こちらは島根県(松江城)のしまねっこ、大阪・岸和田市(岸和田城)のちきりくんです!
やはりお城のある町のご当地キャラだけあって、みんな揃って和風ですね。
そしてはるばる熊本からやってきてくれたのは、熊本県のご当地キャラくまモンと熊本市のご当地キャラひごまるです。今回くまモンには会えませんでしたがひごまるのショーを見ることができました。
ひごまるは平成19年に熊本城築城400年祭を期に現代へやってきた妖精だそうです。
歩きにくそうな身体ですが踊りだすとなかなか激しい動き、特にクルクル回る回転技がキレキレでした!
屋根の部分に貼っているのは「リバテープ」
ん?絆創膏じゃないの?と思いますが、熊本県民のほとんどが絆創膏のことをリバテープと呼ぶそうで、これは絆創膏を作る地元企業「リバテープ」からの特注品だそうです。
去年の地震で大きなダメージを受け傷ついてしまった熊本城だけど、傷を癒やして頑張ろうというメッセージとのこと。
この日はクリスマスなのでサンタ帽&リバテープで、相棒役のありさお姉さんと元気いっぱいに踊って回転していました!
熊本城が元の姿を取り戻す日が待ち遠しいですね。

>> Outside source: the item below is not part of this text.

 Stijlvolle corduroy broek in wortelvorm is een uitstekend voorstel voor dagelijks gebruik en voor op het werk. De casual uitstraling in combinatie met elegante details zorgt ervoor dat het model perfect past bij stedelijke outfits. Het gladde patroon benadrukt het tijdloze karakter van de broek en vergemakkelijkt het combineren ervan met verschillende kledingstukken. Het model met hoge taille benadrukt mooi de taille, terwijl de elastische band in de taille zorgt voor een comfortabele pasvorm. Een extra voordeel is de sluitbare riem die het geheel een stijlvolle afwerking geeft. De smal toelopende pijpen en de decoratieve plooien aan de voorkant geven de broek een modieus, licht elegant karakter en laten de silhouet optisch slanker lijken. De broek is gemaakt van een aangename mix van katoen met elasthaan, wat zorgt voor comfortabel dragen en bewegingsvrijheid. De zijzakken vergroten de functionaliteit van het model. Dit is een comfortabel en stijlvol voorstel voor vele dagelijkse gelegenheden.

(写真は2015年10月に撮影したもの)
お城EXPO2016では、熊本城の修復工事で出てきた珍しい文様が描かれた石の展示や、熊本のための復興支援コーナーもあって、多くのお城ファンによる募金は3日間で738,052円も集まったそうです!
信長のお抱え石工集団・穴太衆(あのうしゅう)とは
お城EXPO2016では、前編でご紹介した落語家でお城マニアの春風亭昇太さんなど多くの「お城スペシャリスト」をお招きしてのトークイベントやフォーラムが開催されました。

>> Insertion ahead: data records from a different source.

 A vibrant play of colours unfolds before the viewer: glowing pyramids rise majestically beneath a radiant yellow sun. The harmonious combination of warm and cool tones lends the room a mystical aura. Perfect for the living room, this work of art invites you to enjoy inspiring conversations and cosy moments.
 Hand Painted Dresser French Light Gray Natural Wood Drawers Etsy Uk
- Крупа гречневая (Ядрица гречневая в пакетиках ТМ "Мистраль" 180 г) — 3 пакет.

なかでもなかなか珍しい機会だと思ったのは、織田信長がその技術の高さを評価し召し抱えたという石工集団「穴太衆(あのうしゅう)」の末裔という、建設会社粟田建設(本社・滋賀県大津市)の代表・粟田純徳さんの講演です。
タイトルは「信長が登用した穴太衆とその石垣」
中世の山城から近世の城へと変わる分岐点になる「石垣を有する城」の最初は、織田信長の造った安土城だと言われていますが、安土城の石垣を積んだのが穴太衆でした。
今も残る安土城の石垣
穴太衆積の石積みの技法にはマニュアルはなく、現在も口伝のみで継承されているそうです。それはなぜかというと
「石の声を聴き、石の心を知り、石の心を己の心とし、永久に居心地良く居座るよう一石一石に想いを込め据え付る心と腕の修行が肝心なり(穴太衆秘伝 心構えより)」
という「石との対話」の肝心は、とても文章では伝えることができないからだそうです。
穴太衆の末裔である粟田さんは、これまでも安土城や彦根城などの石垣修復を手掛けています。
講演では穴太衆が使う道具の紹介もありましたが、それは特別なものでも新しいものでもなく昔から使われている道具でした。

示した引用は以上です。